Erika Moonin, the Southern Nevada Water Authority’s engineering project manager for construction of the agency’s new Lake Mead intakes, showed me a picture yesterday of water pouring over Hoover Dam’s spillways in 1983, the last time the reservoir spilled. When she was a youngster, her dad took her out to see the spectacle. Looking at it today, it’s hard to imagine. Current lake level is 137 feet below the 1983 peak.
I was trying to take pictures earlier this week that might illustrate the big empty. Here’s what the spillway looks like today:
* I didn’t actually see cobwebs. It’s literary license.
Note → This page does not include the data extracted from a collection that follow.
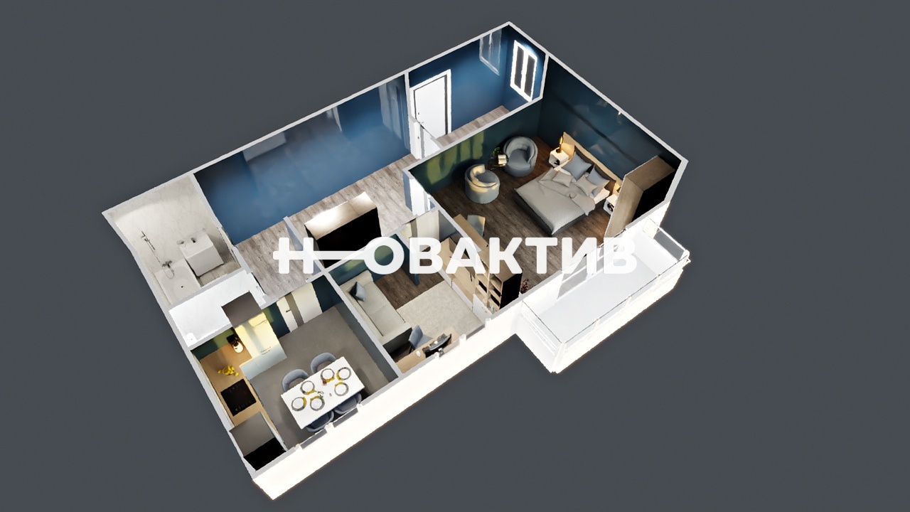 Общая площадь - 49.2 м2, жилая - 28 м2, кухня - 8 м2
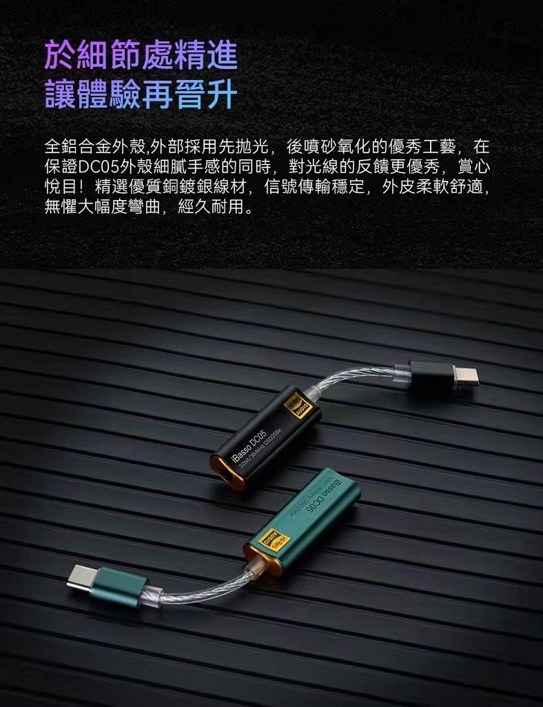 全鋁合金外殼,外部採用先拋光,後噴砂氧化的優秀工藝,在保證DC05外殼細膩手感的同時,對光線的回饋更優秀,賞心悅目!精選優質銅鍍銀線材,信號傳輸穩定,外皮柔軟舒適,無懼大幅度彎曲,經久耐用。
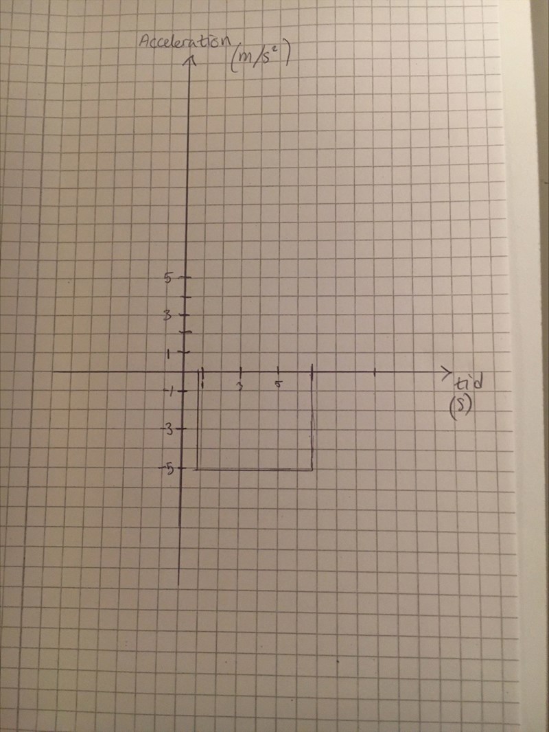 a-t: ingen acceleration under de första 0,84s, sedan -5,1m/s2 under inbromsningen
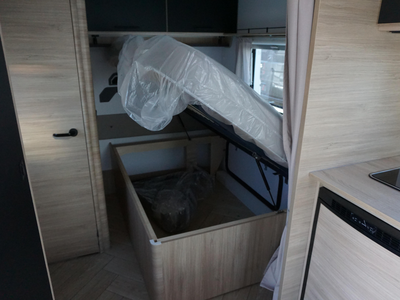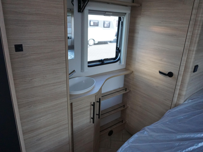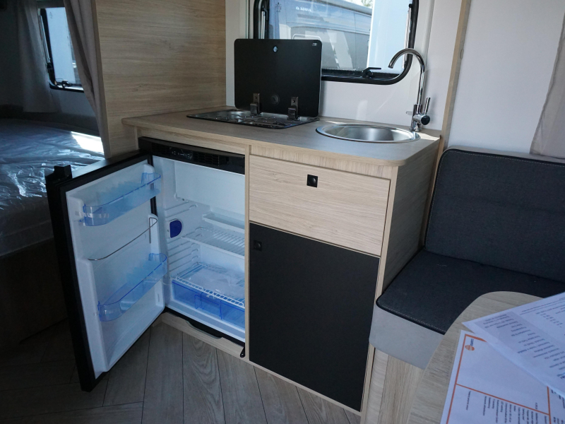 De Sport 455 beschikt over een praktisch ingedeelde binnenruimte met een gezellige rondzit (om te bouwen tot extra slaapplaats), een comfortabel vast bed, en een goed uitgeruste keuken met koelkast en gasfornuis. Dankzij de slimme opbergruimte en de moderne afwerking voelt elke centimeter doordacht aan.
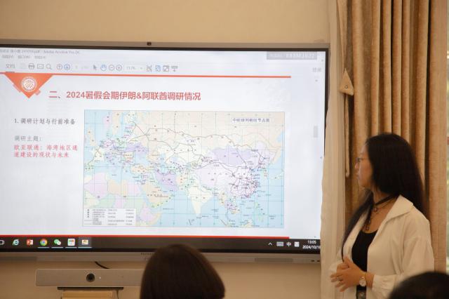 随后,“国别和区域研究项目”学员、外国语学院21级阿拉伯语专业本科生康小薇进行了题为《伊朗的通道建设及交通产业》的报告。报告围绕2024年暑假北京大学CAMEL-LINK项目赴伊朗与阿联酋的调研活动,详细介绍了连接中国与中东的三条主要通道及中国与伊朗之间的铁路线路。康小薇同学还介绍了调研团在调研前后的准备工作和学术产出撰写工作,并分享了自己参与调研活动的收获。
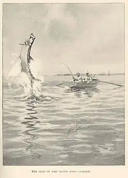 The Leap of the Silver King -- Tarpon (depicts early sport fishing for Atlantic tarpon)
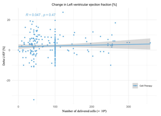 No correlation between number of injected cells and changes in left ventricular ejection fraction (LVEF) at follow-up only IPD of the ACCRUE studies included.

** It also “filled and spilled” in the late 1990s, but didn’t rise to the level of needing spillways, just moved excess water above and beyond downstream water users’s needs through the dam’s normal release system.
The late ’90’s is about when the Feds came to the realization things were in a downward trend. Mexico was starting to question their share, and Minute 319. More importantly, as other Lower Basin States started using closer to their full allotment, the Feds were likewise were forced to start seeing that they would have to limit California to their full allotment only. Not all the water they could handle.
Note that every time the spillway has been used there has been major damage to it. Likewise the Glen Canyon spillway where the rock in which it was cut was badly eroded by spillway use.